» **Exercise data**
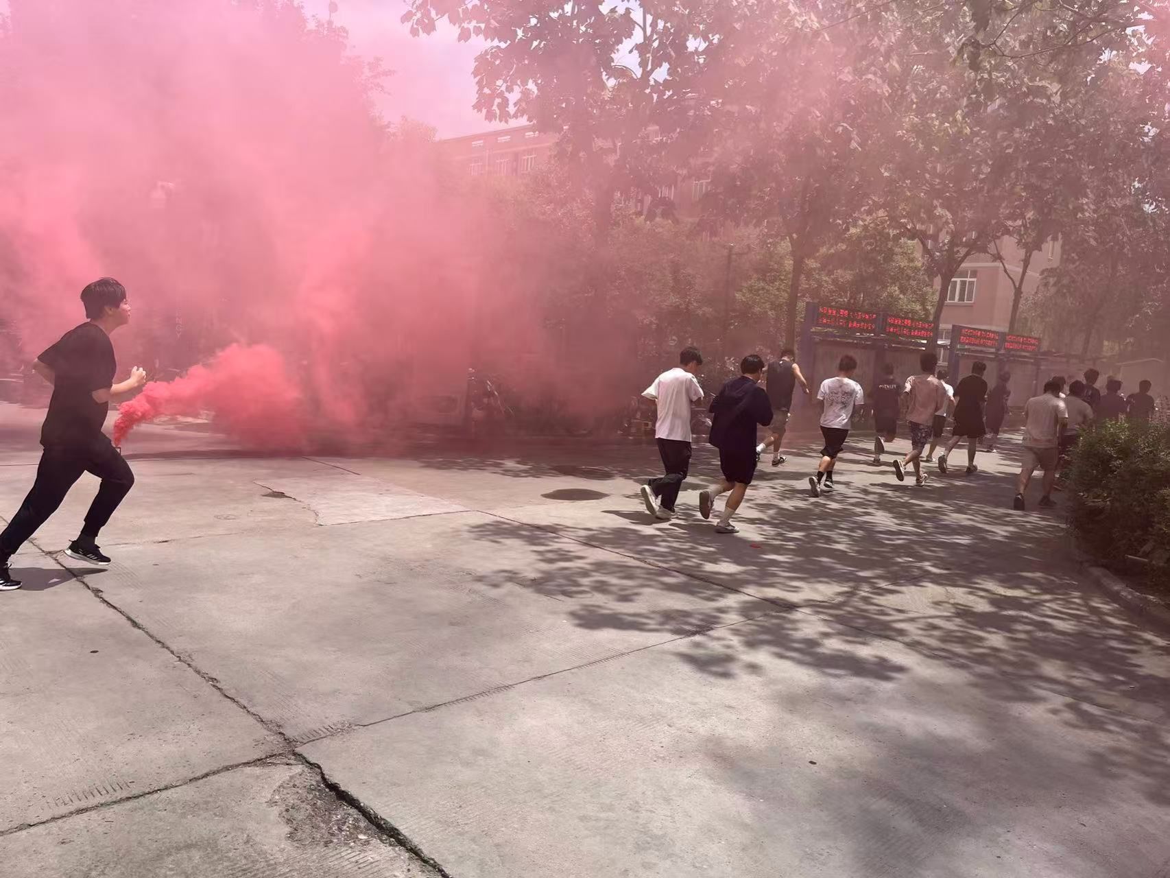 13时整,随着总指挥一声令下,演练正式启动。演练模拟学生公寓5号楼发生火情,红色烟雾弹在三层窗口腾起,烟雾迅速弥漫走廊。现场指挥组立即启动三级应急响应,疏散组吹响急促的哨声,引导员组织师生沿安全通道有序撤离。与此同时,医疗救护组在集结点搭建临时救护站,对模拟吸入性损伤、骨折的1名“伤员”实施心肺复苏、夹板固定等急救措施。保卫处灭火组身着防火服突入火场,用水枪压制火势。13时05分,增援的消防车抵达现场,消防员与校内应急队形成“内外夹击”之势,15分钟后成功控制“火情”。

---

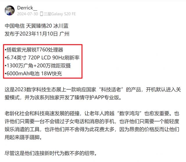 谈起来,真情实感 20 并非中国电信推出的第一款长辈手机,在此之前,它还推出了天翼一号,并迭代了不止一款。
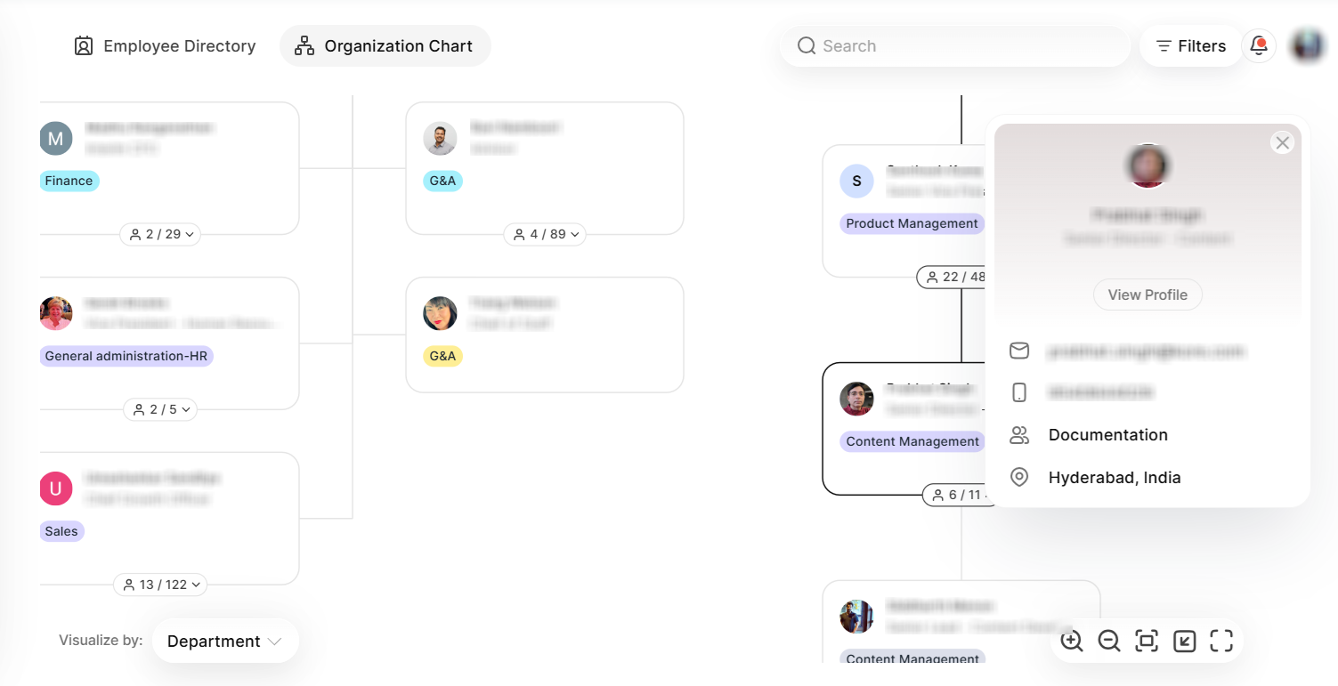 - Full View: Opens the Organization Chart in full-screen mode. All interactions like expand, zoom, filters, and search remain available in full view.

» **What you have to do**
Starting at the line with "谈起来,真情实感 20 并非中国电信推出的第一款长辈手机,在此之前,它还推出了天翼一号,并迭代了不止一款。" and finishing at the line with "- Full View: Opens", copy the material above exactly, both lines included. Nothing else goes in, and no pictures.

» **Worked solution**
 谈起来,真情实感 20 并非中国电信推出的第一款长辈手机,在此之前,它还推出了天翼一号,并迭代了不止一款。
 - Full View: Opens the Organization Chart in full-screen mode. All interactions like expand, zoom, filters, and search remain available in full view.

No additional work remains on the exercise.